Les chercheurs ont voulu pousser l'idée plus loin. Puisqu'un travail n'est qu'un ensemble de tâches diverses, il est également possible d'utiliser la rubrique pour mesurer l'adéquation de professions entières à l'apprentissage automatique. En utilisant les données du Bureau fédéral des statistiques du travail, c'est exactement ce qu'ils ont fait - pour chacune des plus de 900 professions distinctes de l'économie américaine, des économistes et PDG aux chauffeurs de camion et aux enseignants.
« Les technologies d'automatisation ont toujours été le principal moteur de l'augmentation de la productivité industrielle. Elles ont également systématiquement perturbé l'emploi et la structure des salaires, " écrivent les chercheurs. " Cependant, notre analyse suggère que l'apprentissage automatique affectera des parties de la main-d'œuvre très différentes des vagues d'automatisation précédentes… La technologie d'apprentissage automatique peut transformer de nombreux emplois dans l'économie, mais l'automatisation complète sera moins importante que la réingénierie des processus et la réorganisation des tâches."
Radiologues, par exemple, ont 26 tâches distinctes associées à leur travail, dit Brynjolfsson. La lecture d'images médicales est une tâche bien adaptée à l'apprentissage automatique, les ordinateurs commençant à devenir meilleurs en reconnaissance d'images que les humains. Mais les compétences interpersonnelles telles que la transmission d'informations sur les soins de santé à un patient ne sont pas aussi facilement ou efficacement exécutées par des machines, il a dit.

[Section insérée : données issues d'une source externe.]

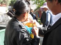 Nach einer mehr oder weniger erholsamen Nacht frühstücken wir heute zum ersten Mal in Tibet. Das Frühstück ist weitestgehend europäisch für uns "Ausländer" Natürlich hat ein Jeder auch die Möglichkeit tibetische Spezialitäten wie Tofu, Hefebällchen oder Bandnudeln zu probieren. Von unserem örtlichen Reiseleiter Leo erfuhren wir am Vortag, dass in Lhasa das Pilgerfest Einzug gehalten hat. Für uns war dieses Ereignis ein großes Glück. Wir beschlossen aus diesem Grund, unser Programm ein wenig umzustellen und fuhren heute zunächst zum Sera-Kloster. Auf unserem Weg dahin, überraschte uns das tibetische Leben. Mönche gehen auf den Straßen ein und aus und Pilger versammeln sich in Massen auf den Straßen. Das Pilgerfest ist speziell dem rituellen Besuch heiliger Stätten gewidmet und wird am Nachmittag mit Feiern, Picknicks und Volkstänzen fortgesetzt. Wir erleben das Spektakel hautnah. Da das Drepung-Kloster an diesem Tag nur so vor Menschenmassen sprüht, entscheiden wir uns, erst morgen zum Kloster zu fahren.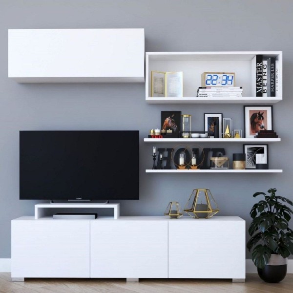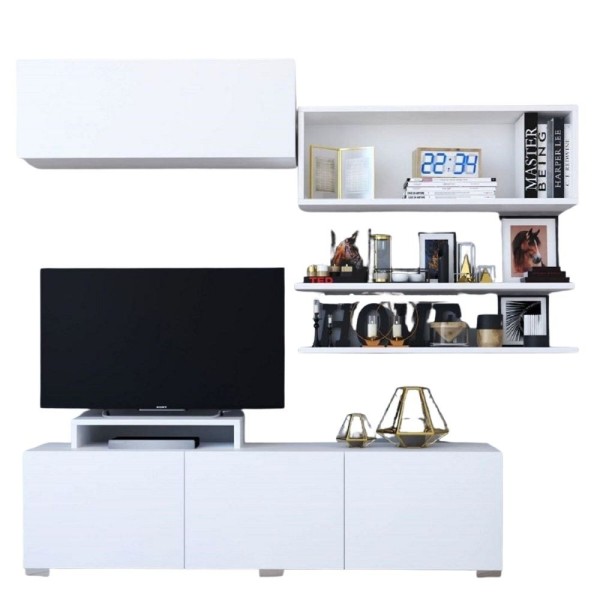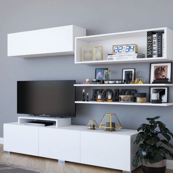 Parete attrezzata 120H cm con base e pensili colore bianco - Dekor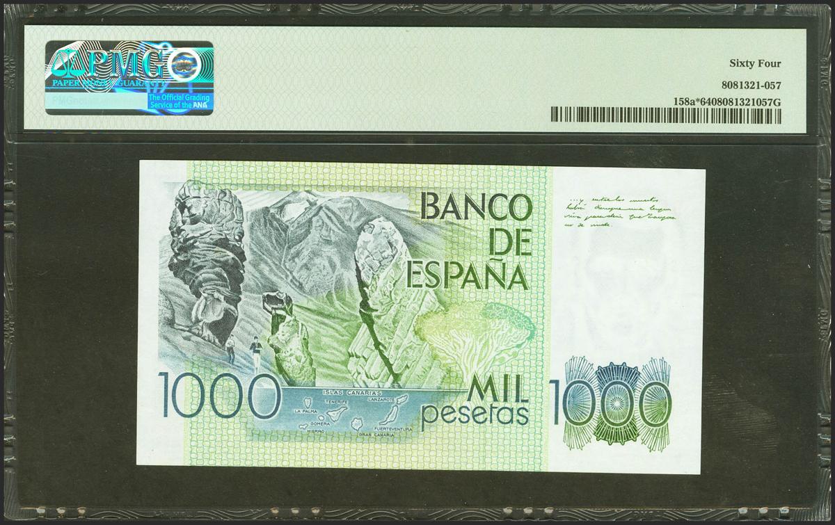 1000 Pesetas. 23 de Octubre de 1979. Serie especial 9E. (Edifil 2021: 477b, Pick: 158a*). Muy rara serie SC. Encapsulado PMG64.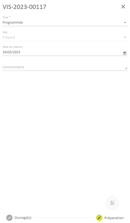 ► Préparation : pour renseigner les principales caractéristiques de la visite.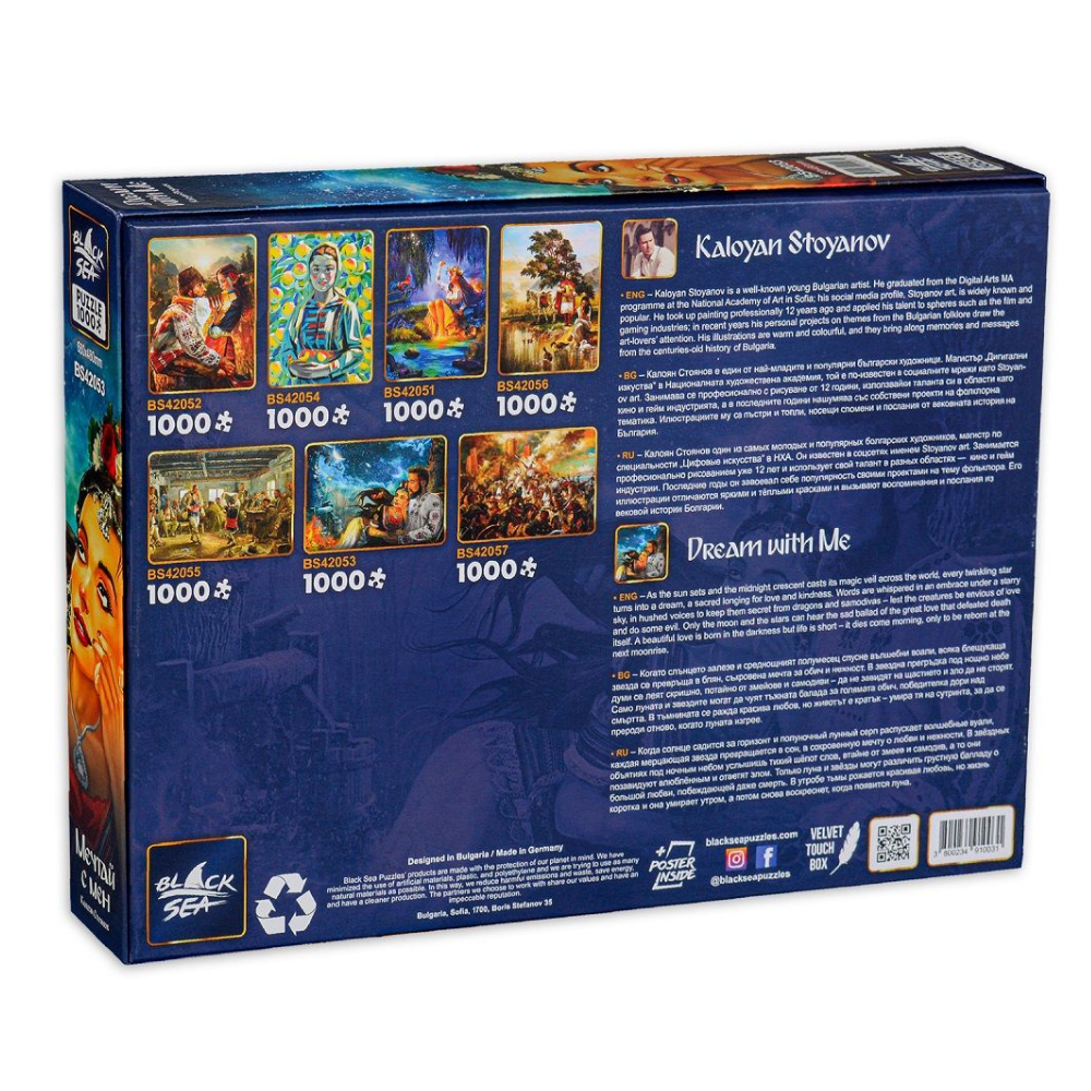 Станете част от българската история, обичаи и традиции като пресъздадете невероятните картини на знаменити български художници със серията български пъзели Black Sea Puzzles. Всеки пъзел е изрязан в класическа форма на частите от висококачествен картон с дебелина 1.9 mm.
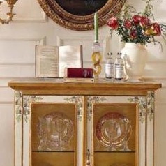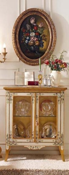 A chest of drawers from the Italian producer Andrea Fanfanii. The frame is made from solid wood. The paintings were done manually. The model with two glass doors. Great choice for the bedroom in classic style. Colours in stock.
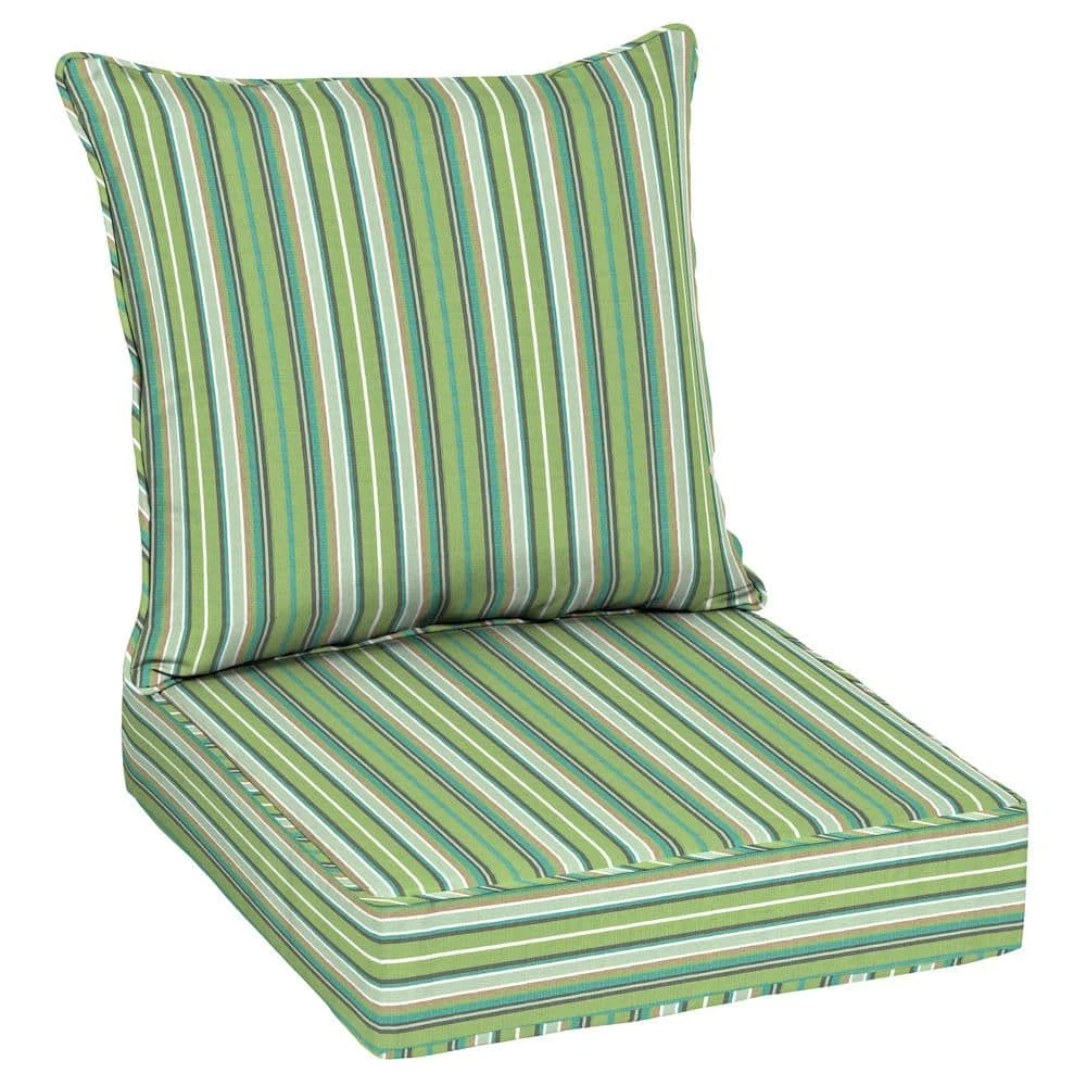 This citrus stripes in Foster Surfside dance between lemon and lime. The green and yellow tones feel zesty, while the subdued nature of the avocado green is vintage and classic. Have some fun by emboldening your outdoor living space with the sharp tang of summertime on this Home Decorators Collection Deep Seat Set. Along with a high-end pillow back cushion, this outdoor deep seat set is enhanced with a stylish double welt cord. Our 46.5 x 24 in. outdoor deep seat set is covered in long-lasting and specially engineered Sunbrella acrylic fabric with built-in UV protection to help retain its vivid color and resist the elements all summer long. Inside our outdoor conversation cushion set we use our patented 100% everLuxe polyester fiber fill to help retain shape and provide long-lasting comfort during outdoor use. Fibers within the cushion are oriented in a vertical position, which provides structure, support, and spring. This outdoor deep seat set is engineered to fit the Oak Cliff furniture set but is also suitable for many other standard outdoor lounge chair frames. Our outdoor deep seat set also comes with a 5-year limited fabric warranty and a 1-year limited warranty against defects in workmanship. Mix and match this Home Decorators Collection Foster Surfside Deep Seat Set with solids, patterns, or stripes to create your own backyard oasis.

« Dans presque toutes les professions, il y a au moins certaines tâches qui pourraient être affectées, mais il y a aussi de nombreuses tâches dans chaque profession qui ne le seront pas. Cela dit, certaines professions ont relativement plus de tâches susceptibles d'être affectées par l'apprentissage automatique", a déclaré Brynjolfsson, notant qu'un métier comme celui de concierge pourrait être, et est d'être, principalement remplacés par des services basés sur l'apprentissage automatique d'entreprises comme Google. Des emplois comme les massothérapeutes, qui n'ont pas beaucoup de potentiel pour l'apprentissage automatique, sont probablement les moins touchés, selon l'étude.
Les chercheurs ont recommandé d'examiner les tâches au sein de chaque profession qui ont un potentiel élevé d'être automatisées par l'apprentissage automatique, les séparant des tâches qui ne le font pas, et réorganiser le travail pour correspondre à ces développements. L'apprentissage automatique pourrait faire les tâches pour lesquelles il est idéal, ils écrivent, alors que le travail humain pourrait être libéré pour faire plus d'activités pour lesquelles l'apprentissage automatique n'est pas bien adapté, avec un effet net d'augmentation de la rentabilité.
Cela ne veut pas dire que les nouveaux développements de l'apprentissage automatique ne pourraient pas avoir un impact plus large sur l'emploi et l'économie à l'avenir, écrivent les chercheurs. "Pour correspondre à l'évolution de l'état de l'art du ML à l'avenir, il faudra mettre à jour la rubrique en conséquence, " ils écrivent.